2. Tidak Memberikan Perawatan Sesuai SOP

Dalam menangani dan memberikan perawatan kepada pasien tentunya perawat


memiliki SOP. Misalnya saja harua melakukan pemeriksaan tekanan darah terlebih
dahulu sebelum memeberi perawatan. Atau juga misalnya penanganan untuk pasien
luka bakar harus menggunakan cairan yang tidak menimbulkan efek panas. Dalam
beberapa kasus justru terjadi kesalahan penanganan dimana perawat memberikan
cairan yang terlalu panas, sehingga malah membuat pasien merasa lebih terbakar.

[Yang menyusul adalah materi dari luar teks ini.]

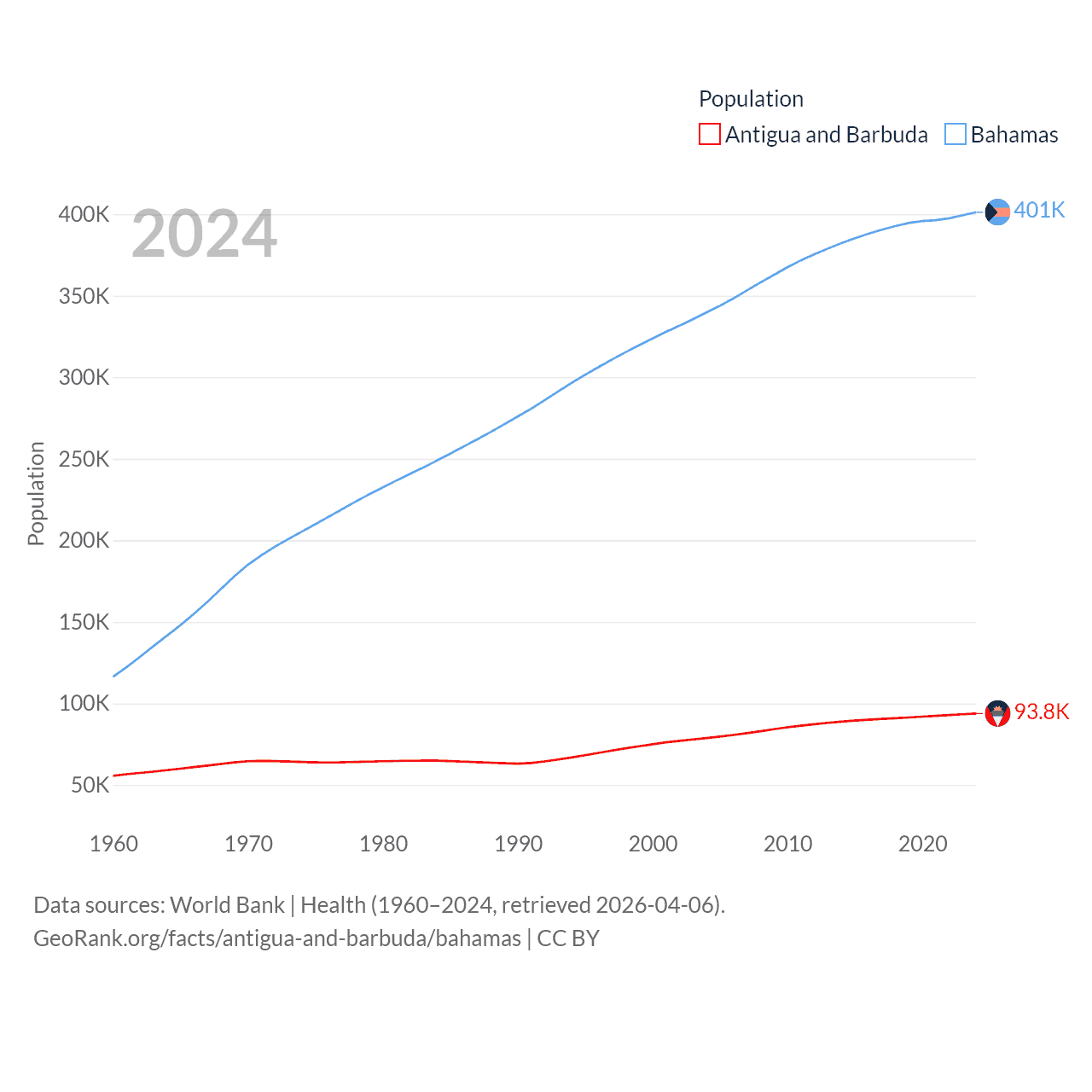 Antigua and Barbuda has a population of 93.8K (ranked 185/197), compared with 401K in The Bahamas (ranked 172/197). Antigua and Barbuda's land area is 169.9 sq mi versus 3,865 sq mi for The Bahamas (ranked 183rd vs. 162nd).
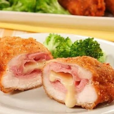 Um delicioso Filé de Frango a milanesa recheado com Presunto e Mussarela, Acompanha Arroz, Feijão, Farofa e Batata frita + Potinho de salada (alface e tomate).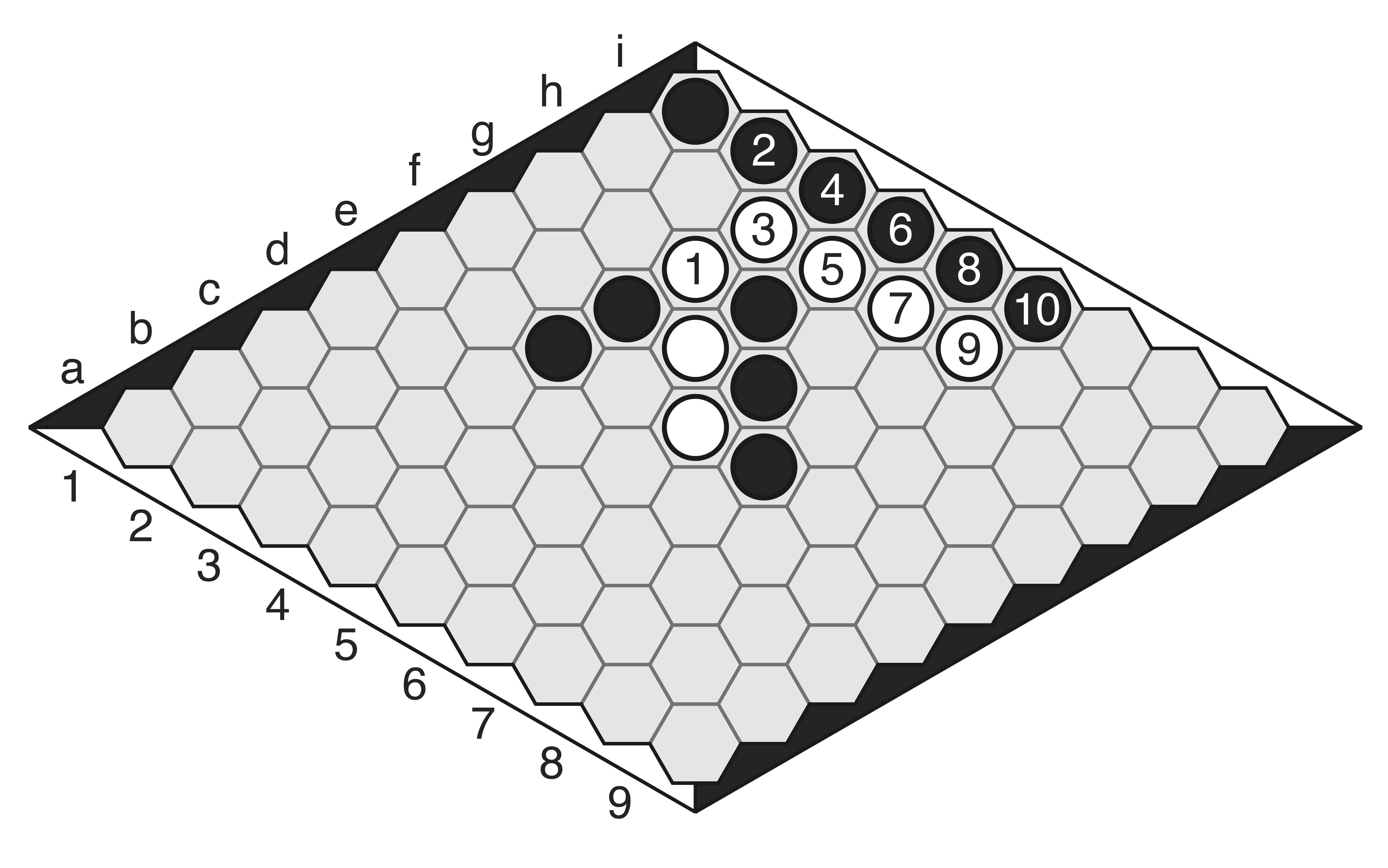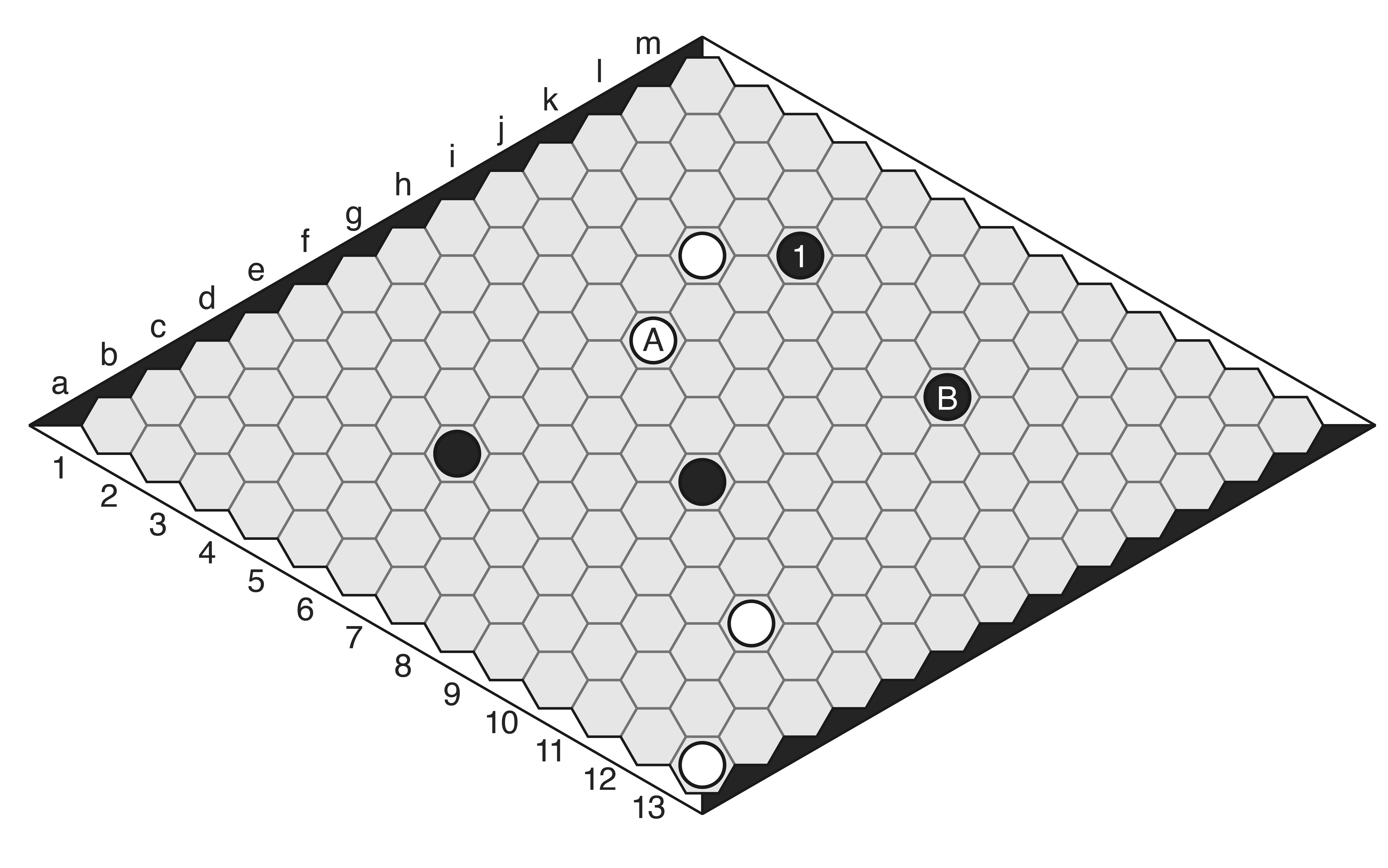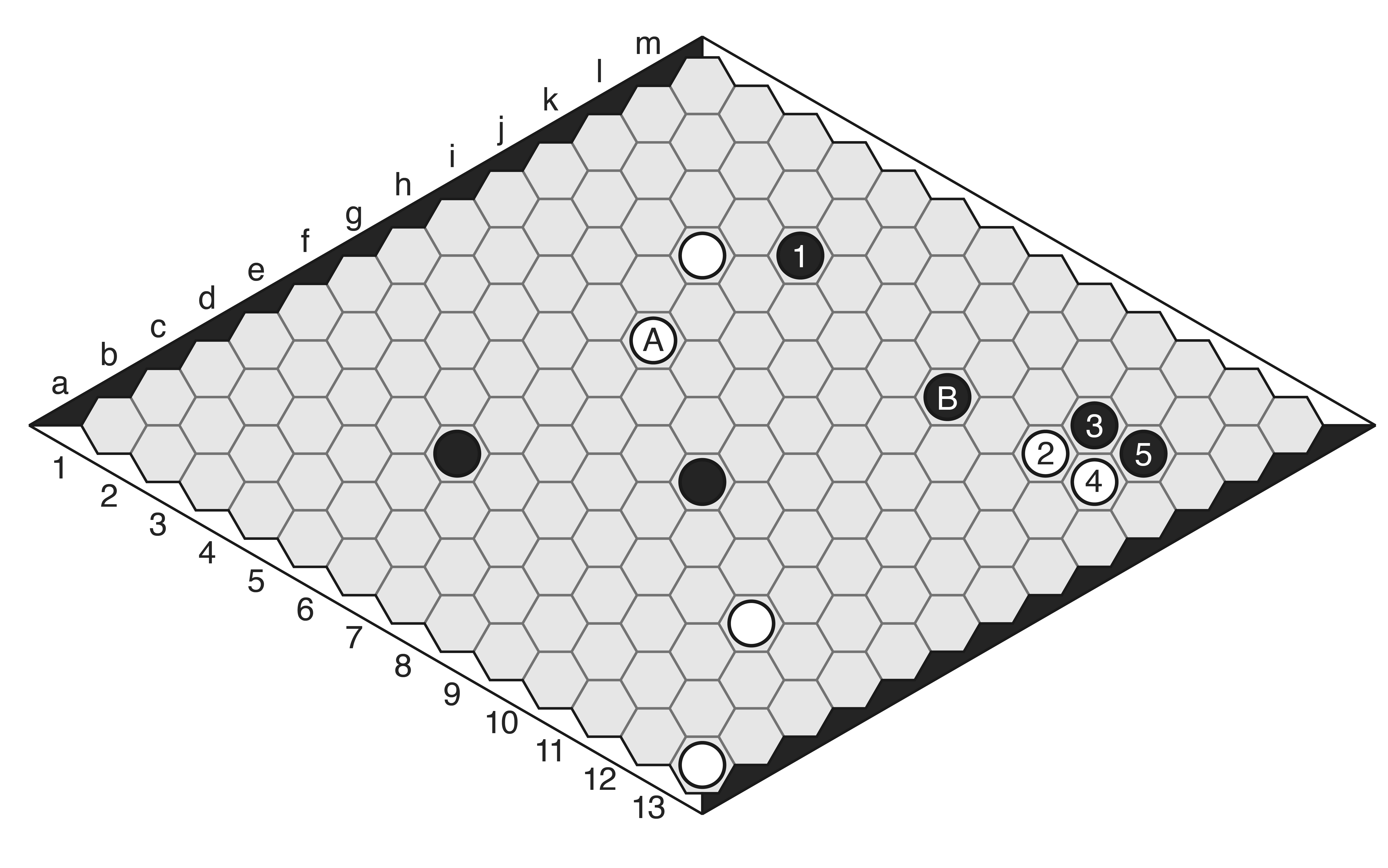 As you can see, the 12×12 game is intense right from the start, and opening moves are very consequential. AI testing shows though that between strong players, the outcome is usually decided about 60-70% through the game (during these tests I did not allow the AI to resign). So, while the opening is very important, most games will be decided during the middlegame. Our goal in the early stretches of a 12×12 game should be to come out of the opening with a stable central position, with some viable options for future extensions of our largest groups; during the middlegame we want to extend our groups effectively and safely, while denying opportunities for our opponent to attack our groups or build their own.

Dalam hal ini tentu saja pelaksanaan SOP sangat didukung oleh skill dan kemampuan
setiap perawat. Hal ini berarti bahwa kualitas sangat dipengaruhi oleh pendidikan serta
juga akademi dimana para perawat tersebut menuntut ilmu. Maka kemudian sangat
penting sekali untuk kemudian memperhatikan asal akademi sanga perawat. Sebab
pada faktanya kini banyak sekali akademi perawat yang abal abal.

Jika demikian maka tentu kualitas perawat yang dihasilkan sama sekali tidak akan
mampy memnuhi persyaratan. Penting juga untuk selalu berpatokan kepada SOP,
Sebab SOP memang telah dibuat sedemikian rupa agar dapat dijalankan dan dilakukan
sebagai sebuah standar pelayanan yang diberikan terhadap pasien. Sehingga nantinya
hal ini akan mengurangi resiko kesalahan dalam memberikan perawatan kepada pasien.